Photo via Jessicafm via Flickr CC
According to a new study, if mercury levels continue to rise at the rate they're predicted to rise, the amount of mercury in the Pacific will increase by 50% over the next 40 years. The study also shows just how the mercury in emissions from around the world wind up in the North Pacific Ocean.
"This unprecedented USGS study is critically important to the health and safety of the American people and our wildlife because it helps us understand the relationship between atmospheric emissions of mercury and concentrations of mercury in marine fish," said Secretary of the Interior Ken Salazar.
Indeed, it seems vital to understand it, but more so to change it. Documentaries like Silent Snow illustrate the dangers mercury contamination pose to the animals and people living off the oceans where containments gather.
Now that the study has illuminated how the mercury circulates, we're that much more prepared to cut the sources of the pollution. If not cut, scientists predict that we'll have 50% more mercury in the Pacific by 2050.
So, how does the mercury get into the food stream?

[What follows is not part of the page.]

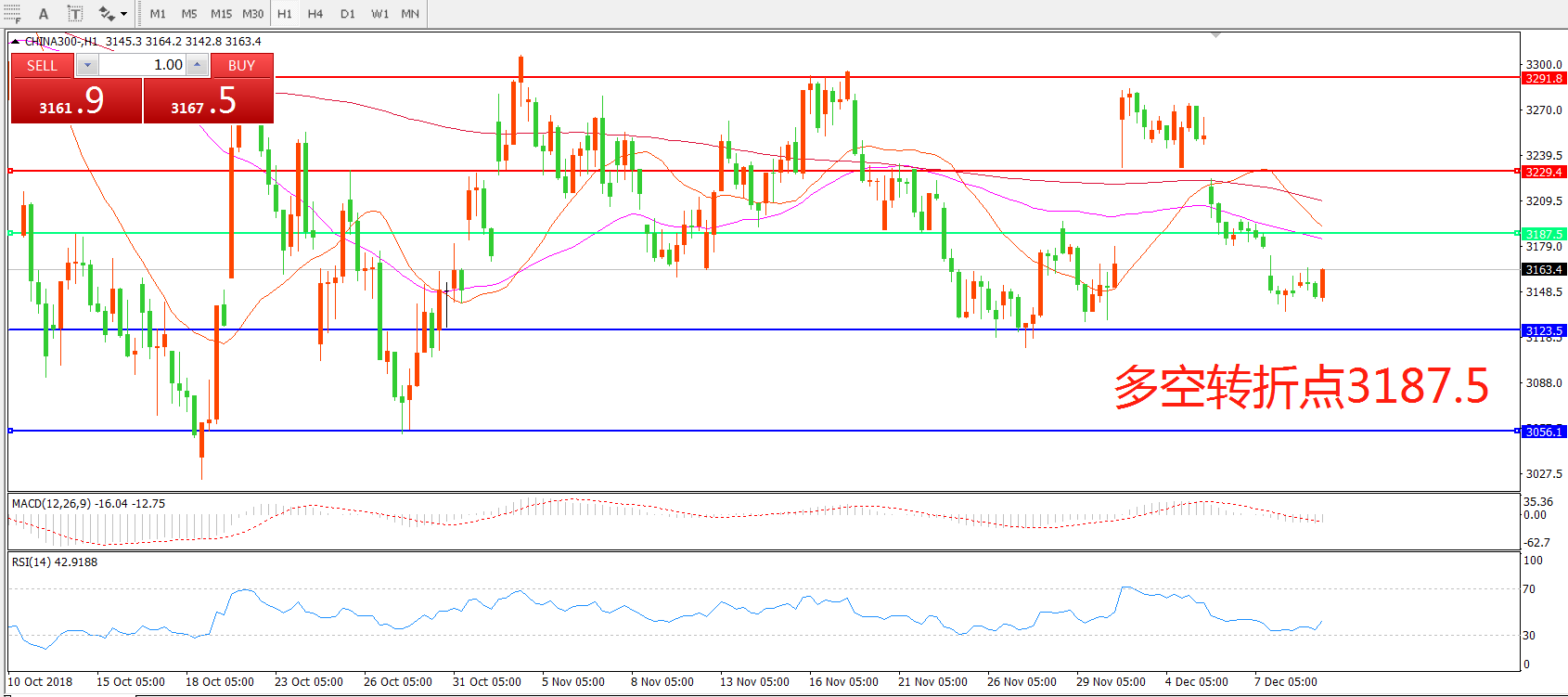 多空转折点:3187.50

[M]ethylmercury is produced in mid-depth ocean waters by processes linked to the "ocean rain." Algae, which are produced in sunlit waters near the surface, die quickly and "rain" downward to greater water depths. At depth, the settling algae are decomposed by bacteria and the interaction of this decomposition process in the presence of mercury results in the formation of methylmercury. Many steps up the food chain later, predators like tuna receive methylmercury from the fish they consume...it appears the recent mercury enrichment of the sampled Pacific Ocean waters is caused by emissions originating from fallout near the Asian coasts. The mercury-enriched waters then enter a long-range eastward transport by large ocean circulation currents," said USGS scientist and coauthor David Krabbenhoft.